There are 3 best solutions below

4
On

For the purposes of this type of multivariate calculus (e.g. Frechet derivatives), a domain or codomain of $m\times n$ real matrices is identified with $\Bbb R^{mn}$, not with $\Bbb R^{m\times n}$. You "flatten" your matrices before you do derivatives and chain rules on them. At least if you want your derivative at a given point to be represented by a standard rectangular grid of numbers.

If you don't want to flatten your matrices before you do calculus in them, then your derivatives will be cuboids of higher dimension. You're now venturing into what I would call tensor calculus territory.

Edit: After looking at your example, here is what I think happens: $\mathbf A$ is a function $\Bbb R^n\to \Bbb R\to \Bbb R^{n\times n}$, the way you describe. But $f$ is a function $\Bbb R^n\to \Bbb R^n$, and as such its Frechet derivative may be realized as an $n\times n$ matrix. You have been given the matrix $Df = \mathbf{A}(\mathbf{x})+ \dfrac{\mathbf{x}\mathbf{x}^{\mathsf{T}}}{\left\|\mathbf{x}\right\|_{2} }$ as this derivative.

0
On

The Frechet derivative can in fact be defined for maps between arbitrary normed spaces, in particular for maps into the space of $(n \times n)$-matrices. Given $\phi : V \to W$. the Frechet derivative of $\phi$ at $x \in V$ is a linear map $D\phi(x) = D\phi \mid_x : V \to W$. The chain rule says that $$D(\psi \circ \phi)(x) = D(\psi)(\phi(x)) \circ D\phi(x). $$ Applying this linear map to $h \in V$ gives $$D(\psi \circ \phi)(x)(h) = D(\psi)(\phi(x))(D\phi(x)(h)).$$ It seems that you do not properly distiguish between linear maps and their matrix representations, and this may be confusing.
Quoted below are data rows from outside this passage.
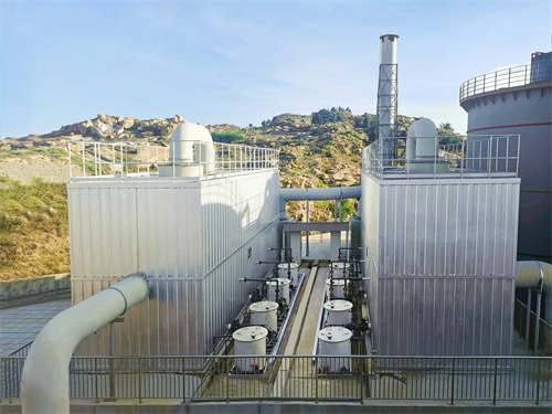 項目一:該項目位于浙江紹興,是全國規(guī)模最大的污水處理工廠之一,所產(chǎn)生的H2S、NH3等臭氣濃度較高,總處理氣量為378000m3/h,密封設計總面積約33000m2,采用生物洗滌過濾設備,搭配優(yōu)勢菌種馴化培養(yǎng)技術、專利生物填料和PLC全自動控制系統(tǒng),獲得良好的治理效果并降低了運營成本。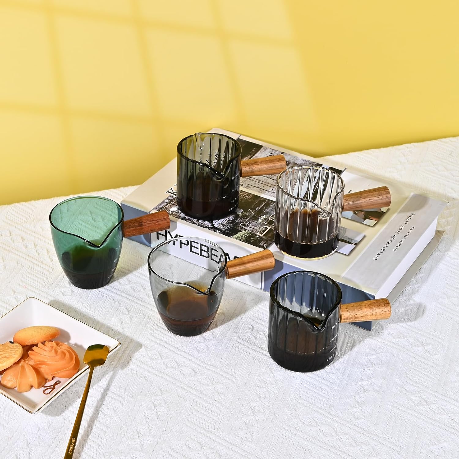 Glass Measuring Cup, 3oz Espresso Shot Glass with Wood Handle, Single Spout Clear Measuring Cups Pitcher Milk Cup Coffee Shot Glasses (Transparent Ribbed)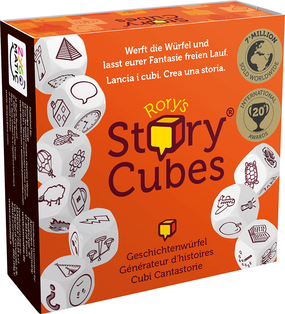 Rory’s Story Cubes® ist ein kreativer Geschichtengenerator im Taschenformat, der Kreativität und soziales Selbstvertrauen fördert, Sprachkenntnisse verbessert und Verbindungen und einzigartige Momente zwischen Jung und Alt schafft. In einer kompakten Box mit Magnetverschluss untergebracht sind die Story Cubes ideal, um überall Geschichten zu erzählen. Nehmt sie mit auf Reisen, in die Schule, zum Camping oder sogar ins Restaurant und erzählt eine Geschichte, während ihr wartet.

There is no dimension problem in your question: $Dg(x)$ is a linear map $\mathbb R^n \to \mathbb R$, hence $D\phi(x)(h) \in \mathbb R$. Also $Df(g(x))$ is a linear map $\mathbb R \to \mathbb R^{n \times n}$ and of course you insert $Dg(x)(h)$ as an argument. In terms of matrices: $Dg(x)$ is an $(n \times 1)$-matrix, $Df(g(x))$ is an $(1 \times n^2)$-matrix (where we identify $\mathbb R^{n \times n}$ with $\mathbb R^{n^2}$ to obtain a "standard" matrix with real entries) and its product an $n \times n^2$-matrix. You write $Df(g(x)) \in \mathbb R^{n \times n}$, but this is wrong since it suggests that it is an $(n \times n)$-matrix.

Concerning your example I do not see the connection to the chain rule. $f$ is not the composition of two functions as needed in the chain rule. But certainly your conclusion $$D(\mathbf{A}(\mathbf{x}))= \frac{\mathbf{x}\mathbf{x}^{\mathsf{T}}}{\left\|\mathbf{x}\right\|_{2} }$$ fails. $D \mathbf A(x)$ is a linear map $D \mathbf A(x) : \mathbb R^n \to \mathbb R^{n \times n}$, but $\frac{\mathbf{x} \mathbf{x}^{\top}}{\|\mathbf{x}\|_{2}}$ is a single $(n \times n)$-matrix.

2
On

$ \def\bbR#1{{\mathbb R}^{#1}} \def\a{\alpha}\def\o{{\tt1}}\def\p{\partial} \def\E{{\cal E}} \def\L{\left}\def\R{\right} \def\LR#1{\L(#1\R)} \def\trace#1{\operatorname{Tr}\LR{#1}} \def\qiq{\quad\implies\quad} \def\grad#1#2{\frac{\p #1}{\p #2}} \def\c#1{\color{red}{#1}} $A matrix-by-vector gradient generates a third-order tensor, so it does not fit comfortably in standard matrix notation.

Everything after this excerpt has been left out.